Maps aren't the only paper goods that are rapidly becoming obsolete because of technology. Look at books, for example. “What!?” you say, “I don't read books anymore. I either get audio books on CDs to play in the car while I'm behind the wheel or I read e-books on my Kindle, Nook, Ipad or whatever.” Which is precisely my freaking point: I'm about the only person I know who reads actual books made of paper and filled with printed words and silverfish. New technology has just about replaced them.

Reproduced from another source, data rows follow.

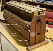 The work undertaken included photographing every part before the organ was taken apart. Couldn’t have had the question at the end “now where does this piece fit?” Cleaning, replacing damaged parts, restoring other damaged parts and tuning followed. We learned so much from Gerhard and Alexander, who were willing to share their knowledge and expertise.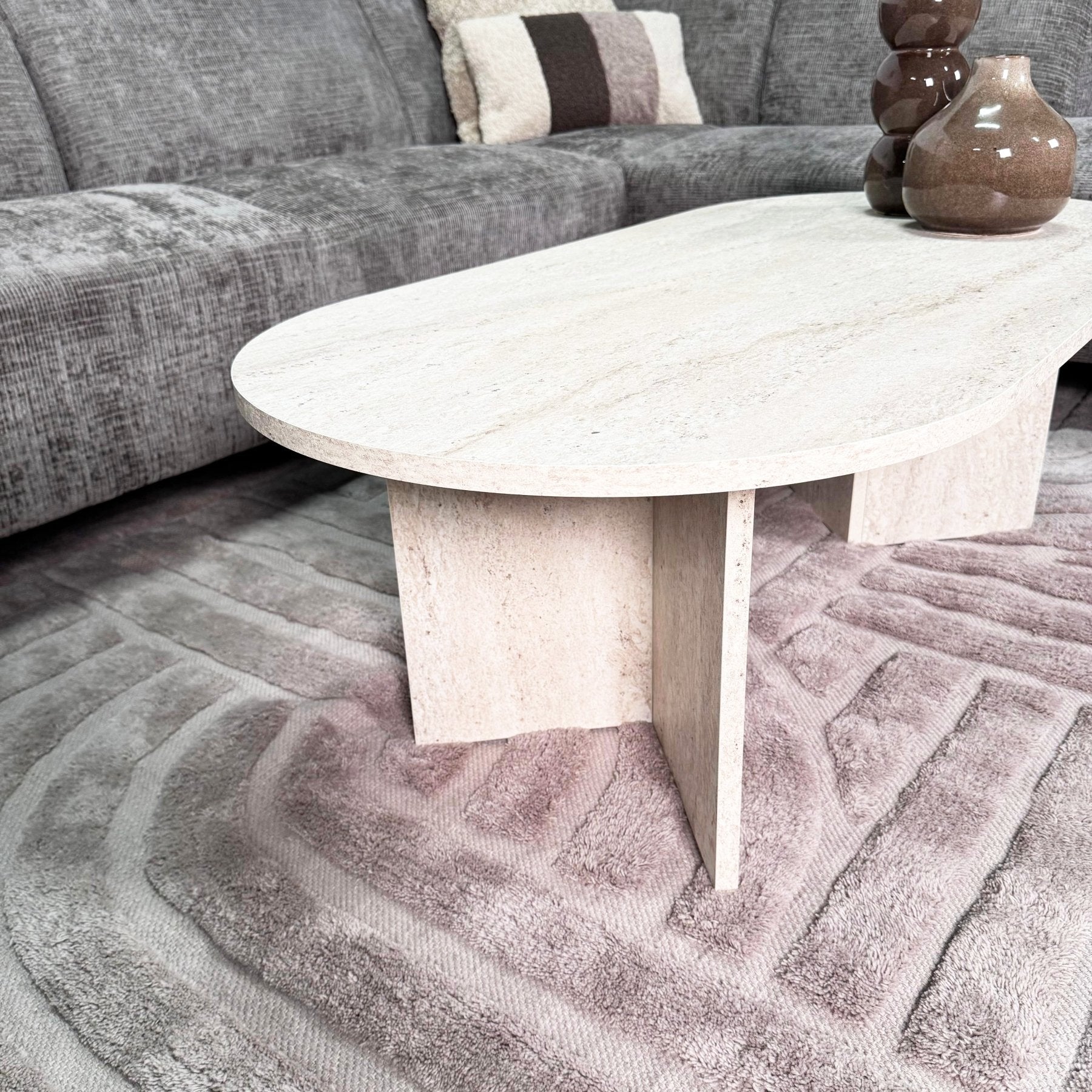 Beschrijving en specificaties van Ovale Salontafel Travertin look Sabla - 119x60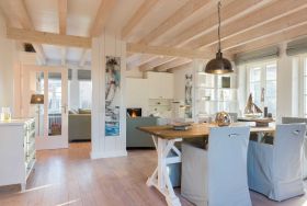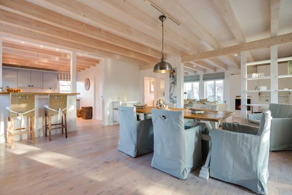 Das Haus „Lister Leuchtfeuer“ beherbergt in einem gepflegten, weißen Klinkerbau mit Hartbedachung ein geräumiges, 190 Quadratmeter großes Apartment im Beachhouse-Stil für Ihren Sylt-Urlaub mit bis zu sechs Personen. Die gesamte Einrichtung ist hell und freundlich mit viel Holz, weißen Einbauschränken und hellen Echtholzdielen.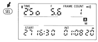 2. Set start time. Using SEL and adjust buttons, set display to desired time using the same method described for Setting date and time. To start the first shooting immediately after setting Interval Timer, adjust the left indication (Day) to - - (located between 31 and 1).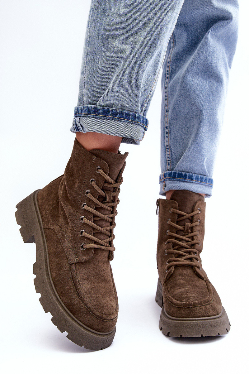 Sapatos de camurça sapato aquecimento com salto largo cor cáqui Zikey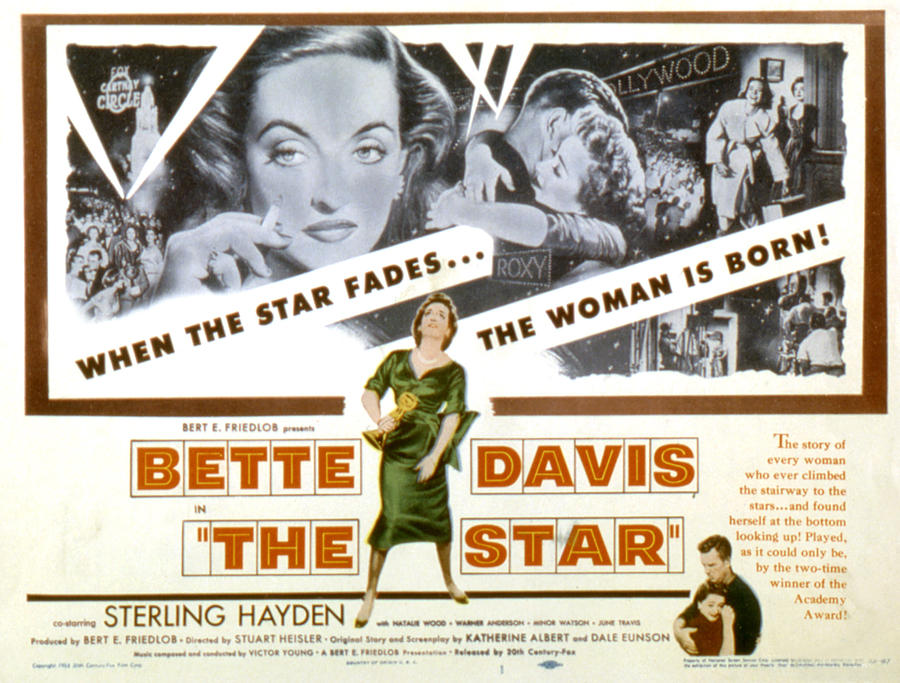 THE STAR got Bette Davis Oscar-nominated for Best Actress (her 10th of 11, with two wins) in this half considerate/half campy 1952 vehicle. The 44-year-old tackled the role of an actress her age coming to grips with the reality that she’s “past her prime” (at least in female movie star terms) and no longer bankable as a leading lady. Hollywood Giveth & Hollywood Taketh Away, in the biz-flaying mold of Sunset Boulevard and the same year’s The Bad And The Beautiful.

Another area where the printed word has disappeared is user manuals. Did you get one with your last cell phone? I bet not. You probably had to go to the manufacturer's website and download a pdf file before you could figure out how the damn thing works. That's even the case with computers and their many peripherals. You're in serious trouble if you buy a new computer and don't know how to hook it up to the great user guide server in the cloud. You're not gonna get any printed help. You'll just have to call the Geek Squad. If, that is, you can find their number without looking it up on the internet or a Yellow Pages CD.
It seems like all the folks who provide you with goods and services of any kind are pushing you away from paper too. Recently one of my service providers, who always sent me a nice invoice and pre-printed envelope so I could send them a check for services rendered, started sending me emails with a pdf of my invoice attached. So now I have to use my ink (which costs so much that I don't even print photos with it; I send them to Walgreens, electronically, of course) and my envelope to send in the check for the service I'm paying for. I'm sure that before long they'll want me to pay electronically too.
Even the government is getting into the act. Try sending in your income tax return on paper. Sure, you can do it, but they give you a little disclaimer to let you know that they're going to drag their feet if you do. And they want to deposit the check directly into your bank account instead of sending it in the mail like they used to. I'm thinking they could go a long way toward solving the employment crises if they didn't eliminate jobs by using all this electronic communication instead of paper! No wonder the post office is in big trouble. Even the government doesn't use them to correspond with you. In fact, even the freaking post office tries to get you to buy your postage online. Hello! I think I see why they need to close post offices all over the country. And I'm beginning to understand all this business about going postal.
Of course I realize that all this is really nothing new. Technology has been replacing old forms of things with new ones ever since the first cave man realized that he would get a better spear point by putting a broken piece of bone on the end of the stick he used to skewer rabbits or his neighbors or whatever. Still, I find myself holding on to the old forms of things for as long as I can, even when I've replaced them with the newer, faster, sexier version. For one thing it seems as though as soon as I donate the old stuff to some charity it shows up in a thrift shop or antique store where my wife buys it as a decorator item for three times what we paid when we bought it new. Maybe that guy that spent two years making the best map of the US had the right idea after all. He'll probably sell copies of it to people who hang it on the wall of their office where it will be ignored while they use Google Maps or their Iphone to plan their next trip. Oh well, I guess that's progress.